● Assignment: Only the lines from the top of the listing below to the line that has "Crew Neck Half" should be echoed, with both ends kept and pictures left out.

● Data block:
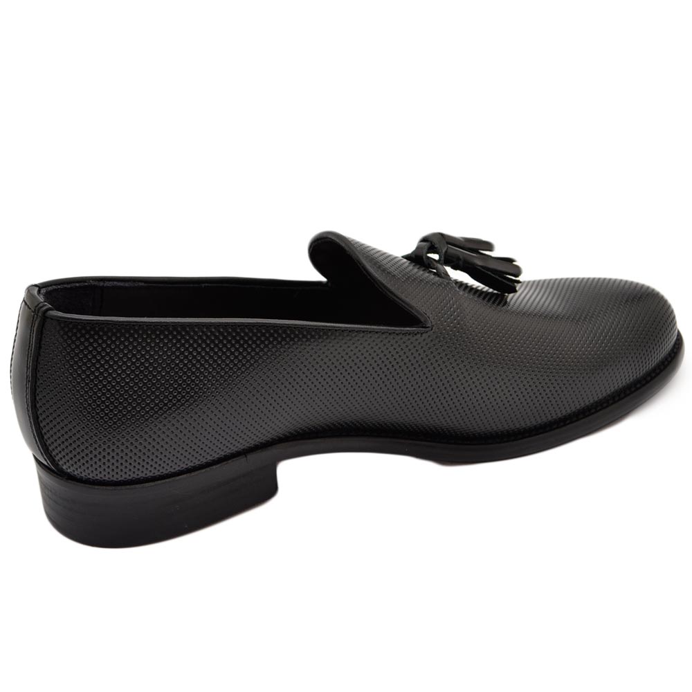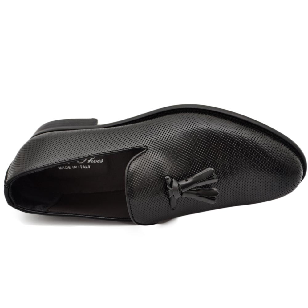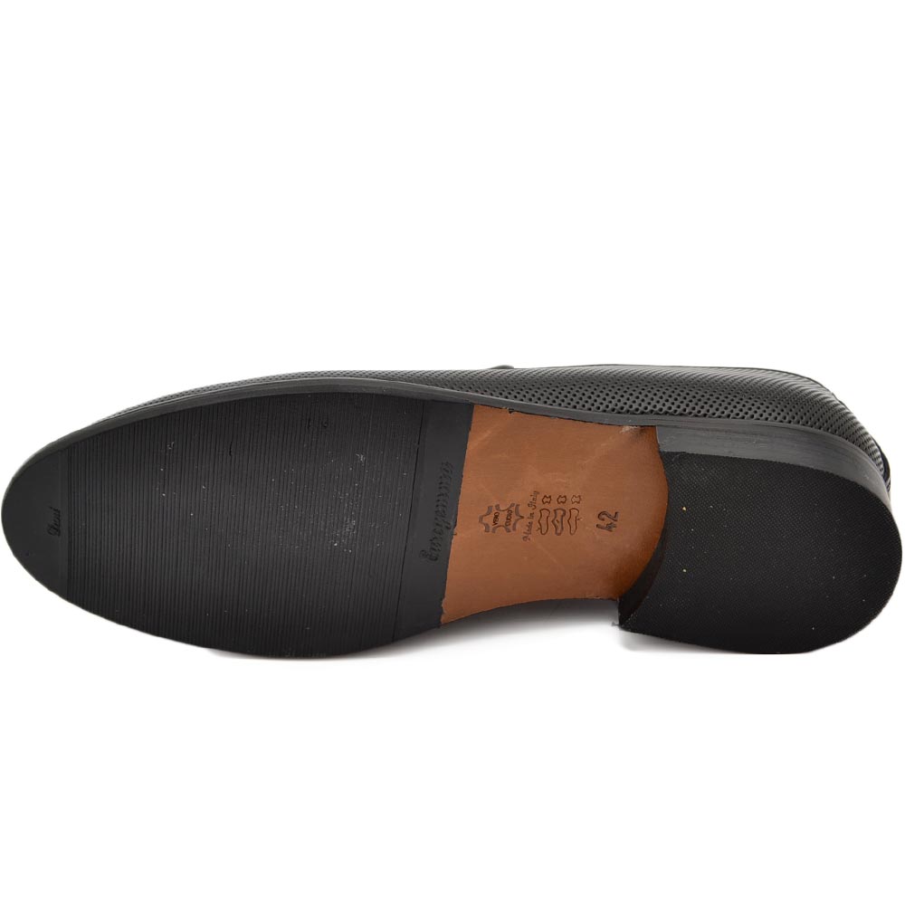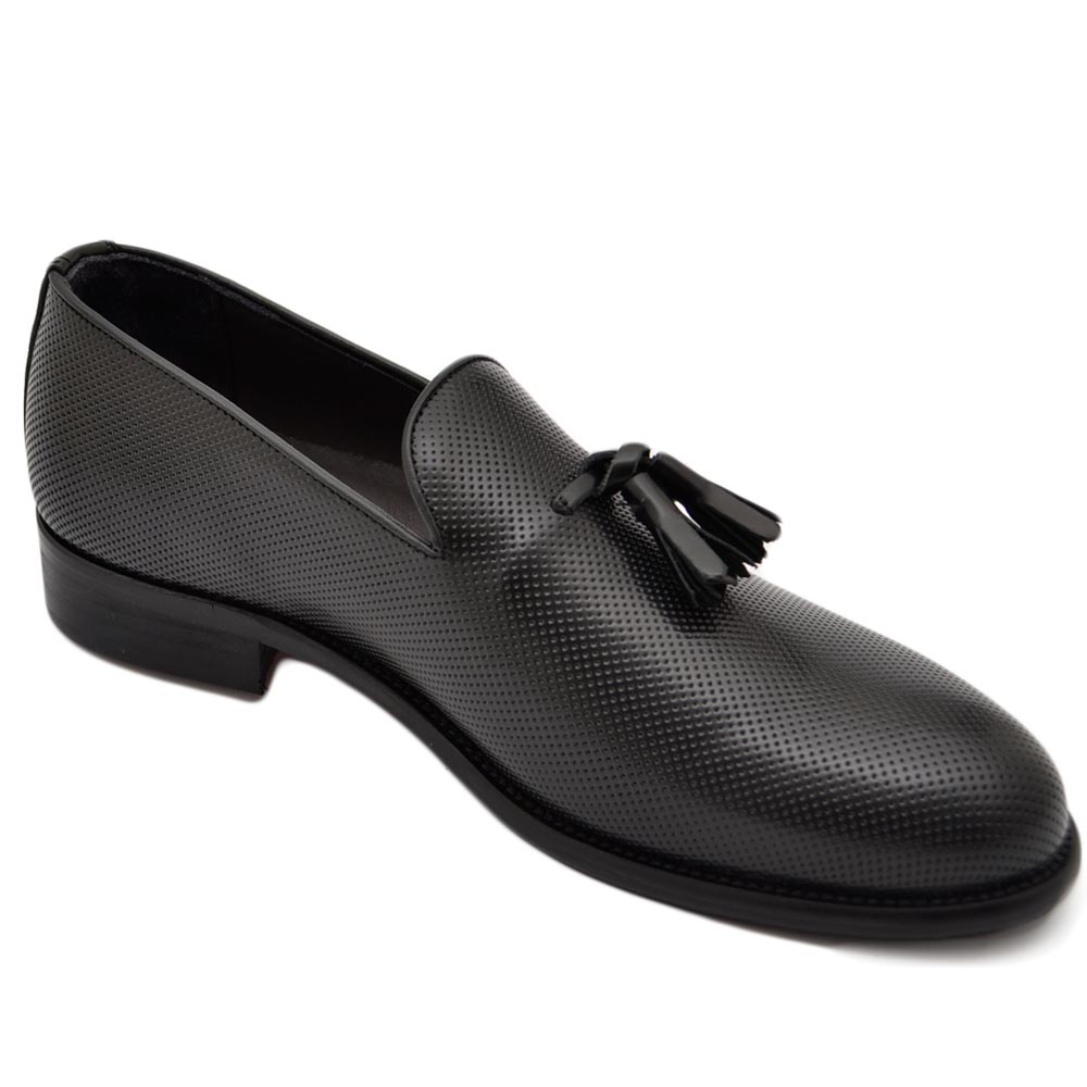 Scarpe uomo mocassino elegante cerimonia in vera pelle nera puntinat con nappe fondo cuoio con antiscivolo made in italy
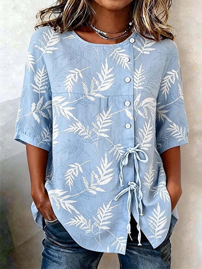 Crew Neck Half Sleeve Floral Regular Loose Blouse For Women
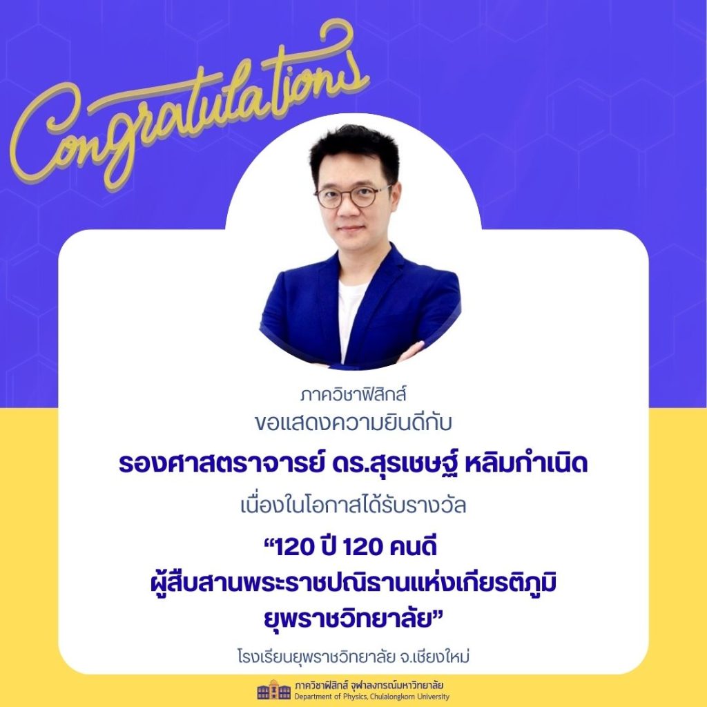 Department Activities, News & Eventsขอแสดงความยินดีกับรองศาสตราจารย์ ดร.สุรเชษฐ์ หลิมกำเนิด Posted on ธันวาคม 29, 2568 by phys 🎉👏💐ภาควิชาฟิสิกส์ ขอแสดงความยินดีกับ รองศาสตราจารย์ ดร.สุรเชษฐ์ หลิมกำเนิด เนื่องในโอกาสที่ได้รับรางวัล 120 ปี 120 คนดี ผู้สืบสานพระราชปณิธานแห่งเกียรติภูมิยุพราชวิทยาลัย เมื่อวันพุธที่ 24 ธันวาคม 2568 ณ โรงเรียนยุพราชวิทยาลัย จ.เชียงใหม่
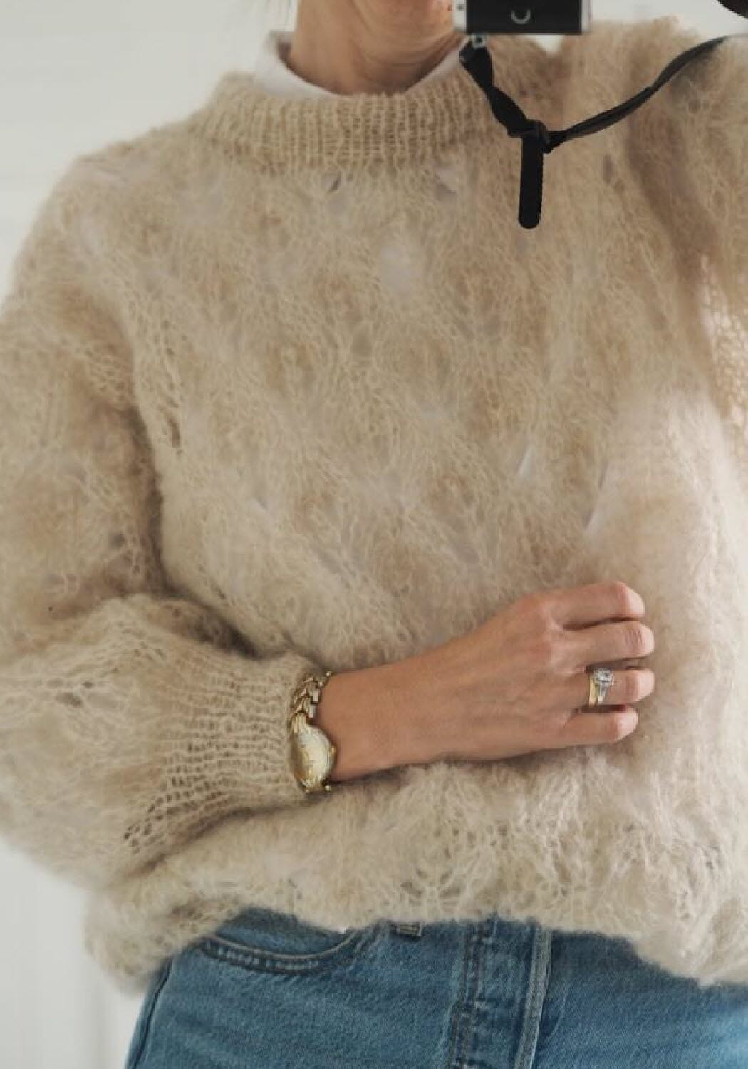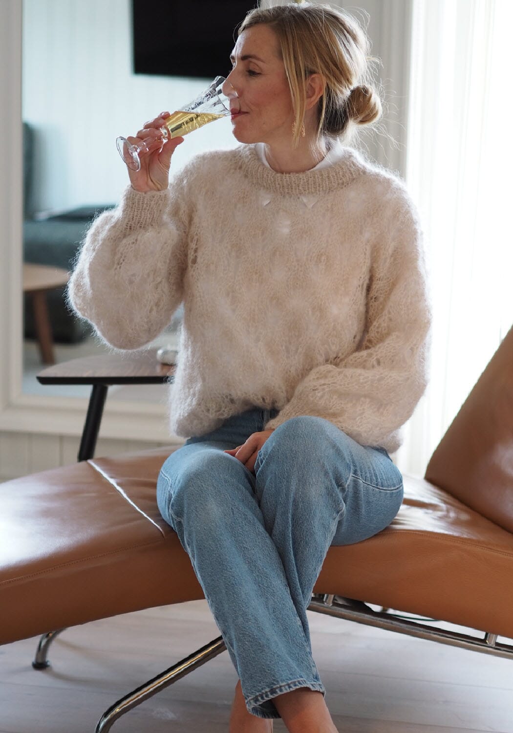 En lekker genser i nydelig hullmønster designet av Tove Lindtein. Den strikkes med en tråd Ingenua mohair på pinne nr. 8 så den blir luftig og lett.

● Output below:
 Scarpe uomo mocassino elegante cerimonia in vera pelle nera puntinat con nappe fondo cuoio con antiscivolo made in italy
 Crew Neck Half Sleeve Floral Regular Loose Blouse For Women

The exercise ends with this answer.